Each film-coated tablet contains Aceclofenac BP 100 mg.
Aceclofenac is a non-steroidal agent with marked anti-inflammatory and analgesic properties. The mode of action of aceclofenac is largely based on the inhibition to prostaglandin synthesis. Aceclofenac is a potent inhibitor of the enzyme cyclo-oxygenase, which is involved in the production of prostaglandins.
Aceclofenac is indicated for the relief of pain and inflammation of osteoarthritis, rheumatoid arthritis, ankylosing spondylitis, low back pain, dental pain, post-traumatic pain etc.
Dosage & Administration:
Adults: 1 tablet (100 mg) twice daily- 1 tablet in the morning & 1 tablet in the evening.

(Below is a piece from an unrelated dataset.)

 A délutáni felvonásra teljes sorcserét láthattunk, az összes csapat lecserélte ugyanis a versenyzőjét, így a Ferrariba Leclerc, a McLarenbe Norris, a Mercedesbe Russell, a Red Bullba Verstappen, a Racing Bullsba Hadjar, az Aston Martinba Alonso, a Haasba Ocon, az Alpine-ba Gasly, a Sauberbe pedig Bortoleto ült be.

Children: Not recommended. Reduce the dosage to 100 mg daily initially in patients with hepatic dysfunction. There is no evidence that the dosage of aceclofenac needs to be modified in patients with mild renal impairment, but as with other NSAIDs caution should be exercised.
Aceclofenac is contraindicated in patients with history of hypersensitivity reactions to ibuprofen, aspirin, or other non-steroidal anti-inflammatory drugs and also in patients with active, or history of recurrent peptic ulcer/hemorrhage.
Warning & Precaution:
Patients with a history of gastrointestinal disorders or peptic ulceration, as well as those with severe liver or renal impairment should be under close medical supervision.
The majority of adverse effects observed are of minor in nature and these include gastro-intestinal disorders such as dyspepsia, abdominal pain, nausea & diarrhea, dizziness, increase in hepatic enzyme etc. Undesirable effects may be minimized by using the lowest effective dose for the shortest duration.
Pregnancy and Lactation:
There is no information on the use of aceclofenac during pregnancy. There is also no information of the secretion of aceclofenac to breast milk. The use of aceclofenac should therefore be avoided in pregnancy and lactation unless the potential benefits to the mother outweighs the possible risks to the fetus and children.
Other NSAIDs: Concomitant use of two or more NSAIDs (including aspirin) may increase the risk of adverse effects, including GI bleeding.
Anti-hypertensives: NSAIDs may reduce the effect of antihypertensives. Diuretics: Aceclofenac, like other NSAIDs, may inhibit the activity of diuretics.
Digoxin: NSAIDs may exacerbate cardiac failure, reduce GFR (glomerular filtration rate) and inhibit the renal clearance of digoxin, resulting in increased plasma digoxin levels. Lithium: Several NSAIDs inhibit the renal clearance of lithium. Methotrexate: Caution should be exercised if both an NSAID and methotrexate are administered within 24 hours of each other, since NSAIDs may increase plasma levels of methotrexate. Anti-coagulants: NSAIDs may enhance the effects of anti-coagulants, such as warfarin. Quinolone antibiotics: Patients taking NSAIDs and quinolones may have an increased risk of developing convulsions. Anti-platelet agents and selective serotonin reuptake inhibitors (SSRIs): If taken with NSAID, the risk of gastrointestinal bleeding may be increased.
Casyn Tablet: Box containing 5×10 tablets in Alu-PVC blister pack.